When these six teens are thrust together for a capstone project that will determine their senior standing (it’s a very Breakfast Club sort of setup), they decide to focus on the mine, its history and its legends. Maddy is visibly put off by the focus, warning them that it’s a bad idea and that the church wouldn’t like it, though she can’t say why. On the night that they meet up to explore the mine during a party, tragedy strikes when six burnouts fall down the mine’s central shaft to their deaths. It’s a freak accident, the kind that always seems to occur when alcohol and teenage risk-taking are combined.

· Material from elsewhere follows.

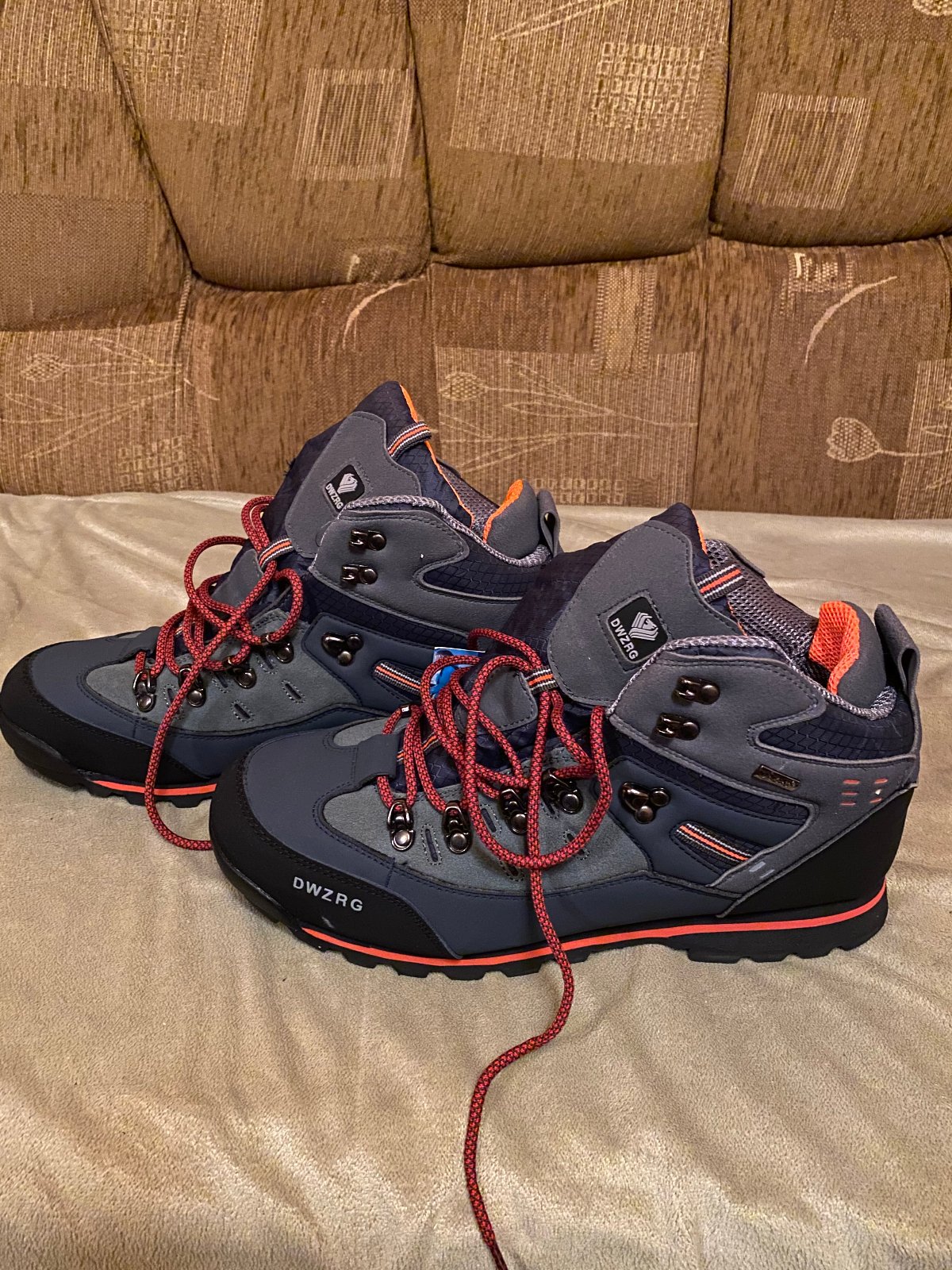 predám trekové topánky pre muža aj ženu vhodné do nepriaznivého počasia, najmä na turistiku. Farba šedá s oranžovou.Veľkosť je číslo 6 a 9. Topánky sú nové, nenosené. Každé po 40 eur.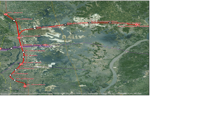 •  নগর এলাকাতে বিমানবন্দর হতে কমলাপুর পর্যন্ত মেট্রোরেল আন্ডারগ্রাউন্ড দিয়ে যাবে (১৬.৪ কি.মি.)

But there’s one problem with the accident story: Jia, Padma, Kelly, James, Maddy and Casey all saw the other teens’ demise…when they were thrown down the shaft by big, goonlike men wearing shearling coats. In the days that follow, as the investigation begins and is quickly silenced, our six main characters vow never to reveal what they saw and to disband their unlikely union to avoid suspicion --- and protect themselves.

Years later, Jia receives a call from the new sheriff, who has maintained a careful friendship with her since she and the other teens left town. He needs her help finding a missing person: Maddy, who, as far as Jia knows, has been completely estranged from Wesley Falls, Golden Praise and her family since that fateful night. So why was Maddy back in town, and why, when Jia finds her body in a sinkhole in the woods, is her manner of death incompatible with the autopsy report?

Despite their decade-old promise, Jia knows that it's time for her and her former friends to come back to Wesley Falls --- not only to discover what really happened to Maddy, but to learn the truth about that night, about Golden Praise’s hold on the town and about its new resurgence. There’s also one big, haunting mystery plaguing her. On her return to town, she sees Pastor Jim Preiss holding service at Golden Praise, still as beautifully and expensively maintained as it was back then. His presence is creepy enough on its own, but it’s also impossible. After all, Jia watched him die once.

Vera Kurian has a background in psychology, and just as she did in NEVER SAW ME COMING, she gets right into her characters’ (and readers’!) heads in A STEP PAST DARKNESS. With its enticing premise and promise of dual mysteries and timelines, this new book is easy to pick up, but it’s the characters that will keep you reading. Each of the six teens (and later adults) is dealing with a deeply complicated personal issue --- racism, queerness, purity and abuse, to name a few --- and Kurian makes great use of her dual timelines to explore the effects and ramifications of their problems.

With these strong foundations propping up the already enticing setting (who doesn’t love the idea of exploring an old mine in a picture-perfect town with something to hide?), her mysteries --- both Maddy’s death and the teens’ last night as normal citizens --- are able to grow and expand on their own terms, with Kurian delivering eerie twists, shocking turns and heart-palpitating scares along the way. At nearly 500 pages, this one is a bit slower to deliver than NEVER SAW ME COMING, and readers will really need to commit to her story. But once it picks up, there’s no letting go.

Full of devious, controlling villains, an omnipresent church with deep, sordid ties to its community, and characters who live and breathe their fight for justice, A STEP PAST DARKNESS is a compelling read with strong themes of small-town secrecy, religious control and patriarchal abuses of women.